Can somebody show I how to rewrite these four equations as matrix equation to enter into a calculator Ti84. I think I support to seperate something first into two different parts before input into a calculator but
don't know what to seperate nor how many row or column.
eq1: NAB+0.1NABcos(15)+0.1=0
eq2: NABcos(15)-0.1NABsin(15)+NC=0
eq3: -3000+.2NB+0.2NABcos(15)+NABsin(15)-ND=0
eq4: 0.2NAB+NABcos(15)+0.2NB=0
To rewrite these four equations as a matrix equation, we can follow these steps:
Step 1: Identify the variables and constants in the equations.
From the given equations, we can identify the following variables: NAB, NC, NB, and ND. The constants are as follows: 0.1, 0.2, 0.1*cos(15), 0.1*sin(15), 0.2*cos(15), 0.2*sin(15), -3000.

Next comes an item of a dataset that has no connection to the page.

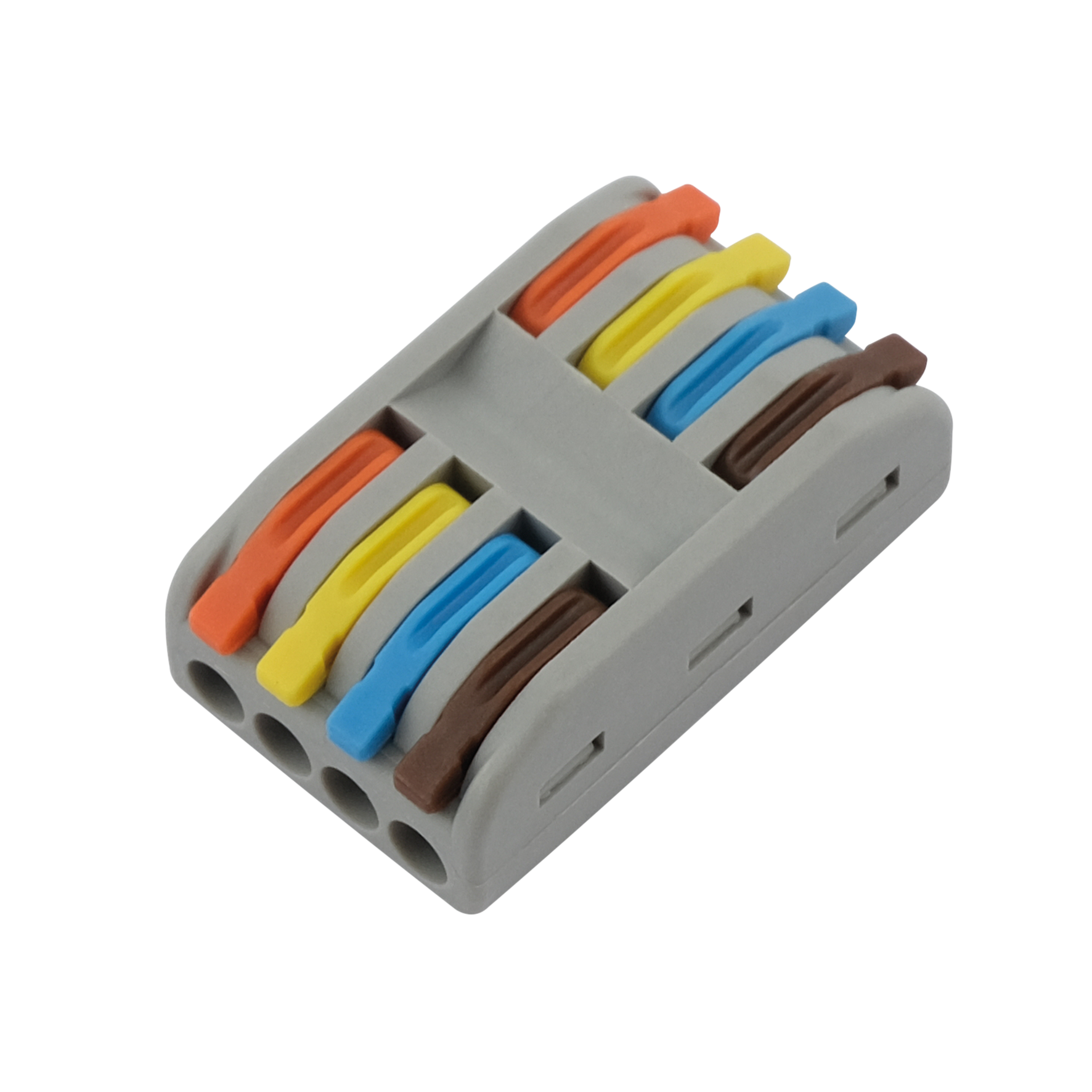 Beidseitig farbcodierte potential-getrennte Hebelklemmen zum einfachen Verlängern und Verzweigen von Leitungen.Kabelquerschnitt0.14 - 4.0 mm2
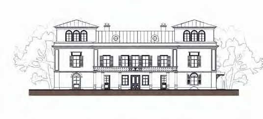 - на южном фасаде: восстановить утраченные участки стен второго и третьего этажей; восстановить историческую геометрию оконных проёмов, согласно проекту реставрации; на оконные проёмы установить деревянные ставни; восстановить профилированный сандрик на кронштейнах над центральным окном второго этажа; по первому и второму этажу восстановить пилястры, фланкирующие фасад; установить над приямками арочные козырьки; выполнить профилированные карнизы и межэтажные пояски; на кровле установить металлический шпиль; устройство слухового окна для проветривания кровли;

Step 2: Create a matrix for the coefficients of the variables.
To create a matrix for the coefficients of the variables, we need to separate the equations into their individual terms.

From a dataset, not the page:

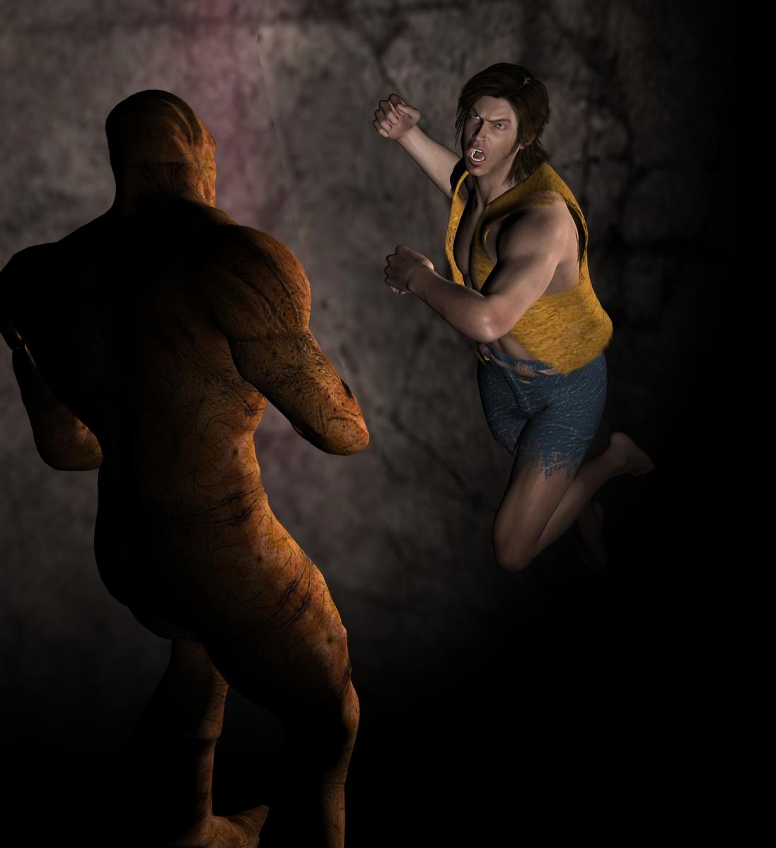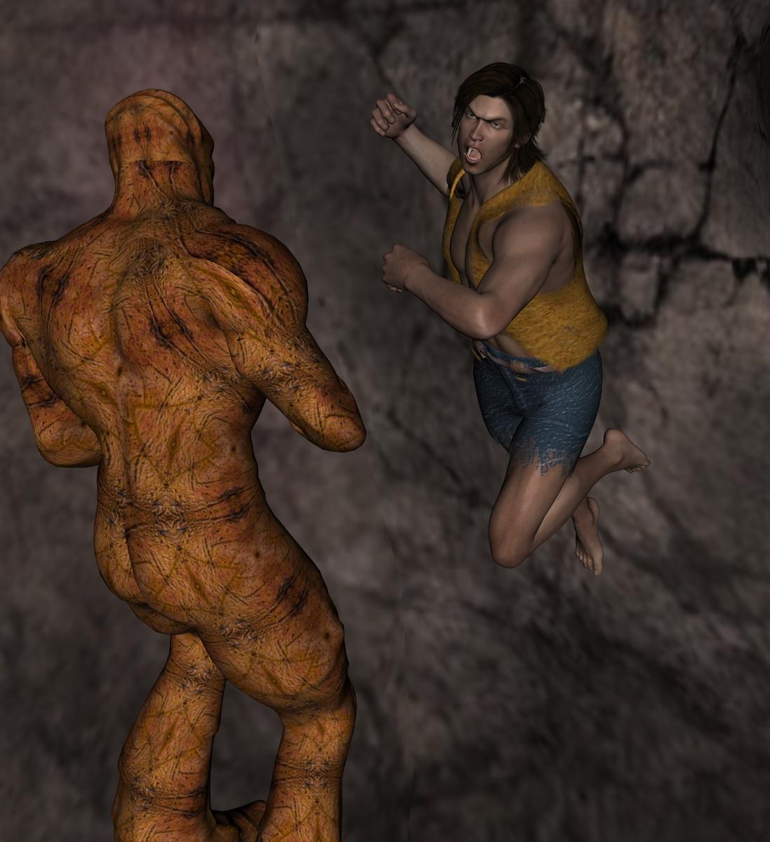 Aaargh. Shouldn't have procrastinated. Here, I managed to change the skin surface of the elemental, and the material for the pants. I also managed to change the camera angle and the aspect ratio of the render, which turned out to be quite a chore. I coudn't figure out why the width seemed to be locked, LOL. Eventually managed it. Never did figure out how to do the lights before I ran out of time. Oh, well, hope to improve more next month. Appreciate the help.

For eq1: NAB + 0.1*NAB*cos(15) + 0.1 = 0
Separate terms: NAB, 0.1*NAB*cos(15), 0.1
For eq2: NAB*cos(15) - 0.1*NAB*sin(15) + NC = 0
Separate terms: NAB*cos(15), -0.1*NAB*sin(15), NC
For eq3: -3000 + 0.2*NB + 0.2*NAB*cos(15) + NAB*sin(15) - ND = 0
Separate terms: 0.2*NB, 0.2*NAB*cos(15), NAB*sin(15), -3000, -ND
For eq4: 0.2*NAB + NAB*cos(15) + 0.2*NB = 0
Separate terms: 0.2*NAB, NAB*cos(15), 0.2*NB
Step 3: Write the matrix equation.
Based on the separated terms, we can rewrite the equations in matrix form as:
⎡ 1 0.1*cos(15) 0 0 ⎤ ⎡ NAB ⎤ ⎡ -0.1 ⎤
⎢ ⎥ ⎢ ⎥ ⎢ ⎥
⎢ cos(15) -0.1*sin(15) 0 1 ⎥ ⎢ NC ⎥ ⎢ 0 ⎥
⎢ ⎥ * ⎢ ⎥ = ⎢ ⎥
⎢ 0 0.2*cos(15) sin(15) 1 ⎥ ⎢ NB ⎥ ⎢ 3000 ⎥
⎢ ⎥ ⎢ ⎥ ⎢ ⎥
⎣ 0 cos(15) 0 0.2⎦ ⎣ ND ⎦ ⎣ 0 ⎦
This is a matrix equation where the coefficient matrix on the left multiplies the variable matrix, and the constant matrix is on the right-hand side.
Step 4: Enter the matrix into a Ti-84 calculator.
To enter this matrix equation into a Ti-84 calculator, follow these steps:
1. Press the [MODE] button.
2. Use the arrow keys to navigate to the "Matrix" option and press [ENTER].
3. Select "Edit" and press [ENTER].
4. Choose a matrix letter (e.g., [A]) and set the dimensions according to the number of rows and columns in the matrix equation.
5. Enter the coefficients of the matrix equation into the matrix.
6. Repeat steps 4 and 5 for each matrix in the equation (variables and constants).
7. Press the [2ND] button, then [MATRIX], and choose the "Math" option.
8. Select "rref(" for row-reducing the matrix equation.
9. Enter the name of the matrix equation that you have created, and close the parenthesis.
10. Press [ENTER] to calculate the row-reduced form of the matrix equation.
The calculator will display the solution to the matrix equation in row-reduced echelon form.